Autonomous Manipulation of Hazardous Chemicals and Delicate Objects in a Self-Driving Laboratory: A Sliding Mode Approach

TL;DR

This paper presents a model-based Sliding Mode Control approach for robotic manipulators in self-driving labs, enabling precise and safe handling of hazardous chemicals and delicate objects amidst uncertainties and disturbances.

Contribution

It introduces a hyperbolic tangent-based MBSMC for improved smoothness and robustness over traditional controllers in autonomous chemical laboratory manipulation tasks.

Findings

MBSMC achieved up to 90% lower control effort compared to PID.

Experimental results showed successful handling of fragile vessels and hazardous chemicals.

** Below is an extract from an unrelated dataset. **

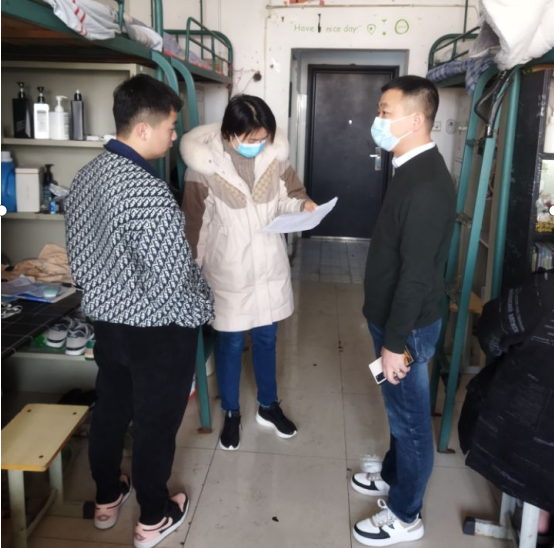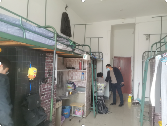 学院领导与同学们亲切交谈,询问学生床单被褥洗晒情况,嘱咐同学们注意疫情防控,宿舍要多通风勤打扫,注意个人卫生等。同学们感谢学院领导开学第一天就进入宿舍,给大家带来家的温暖,保证时刻牢记疫情防控责任,疫情防控力度不减。

MBSMC outperformed non-model-based SMC and PID in trajectory tracking and disturbance rejection.

Abstract

Precise handling of chemical instruments and materials within a self-driving laboratory environment using robotic systems demands advanced and reliable control strategies. Sliding Mode Control (SMC) has emerged as a robust approach for managing uncertainties and disturbances in manipulator dynamics, providing superior control performance compared to traditional methods. This study implements a model-based SMC (MBSMC) utilizing a hyperbolic tangent function to regulate the motion of a manipulator mounted on a mobile platform operating inside a self-driving chemical laboratory. Given the manipulator's role in transporting fragile glass vessels filled with hazardous chemicals, the controller is specifically designed to minimize abrupt transitions and achieve gentle, accurate trajectory tracking. The proposed controller is benchmarked against a non-model-based SMC (NMBSMC) and a Proportional-Integral-Derivative (PID) controller using a comprehensive set of joint and Cartesian metrics. Compared to PID and NMBSMC, MBSMC achieved significantly smoother motion and up to 90% lower control effort, validating its robustness and precision for autonomous laboratory operations. Experimental trials confirmed successful execution of tasks such as vessel grasping and window operation, which failed under PID control due to its limited ability to handle nonlinear dynamics and external disturbances, resulting in substantial trajectory tracking errors. The results validate the controller's effectiveness in achieving smooth, precise, and safe manipulator motions, supporting the advancement of intelligent mobile manipulators in autonomous laboratory environments.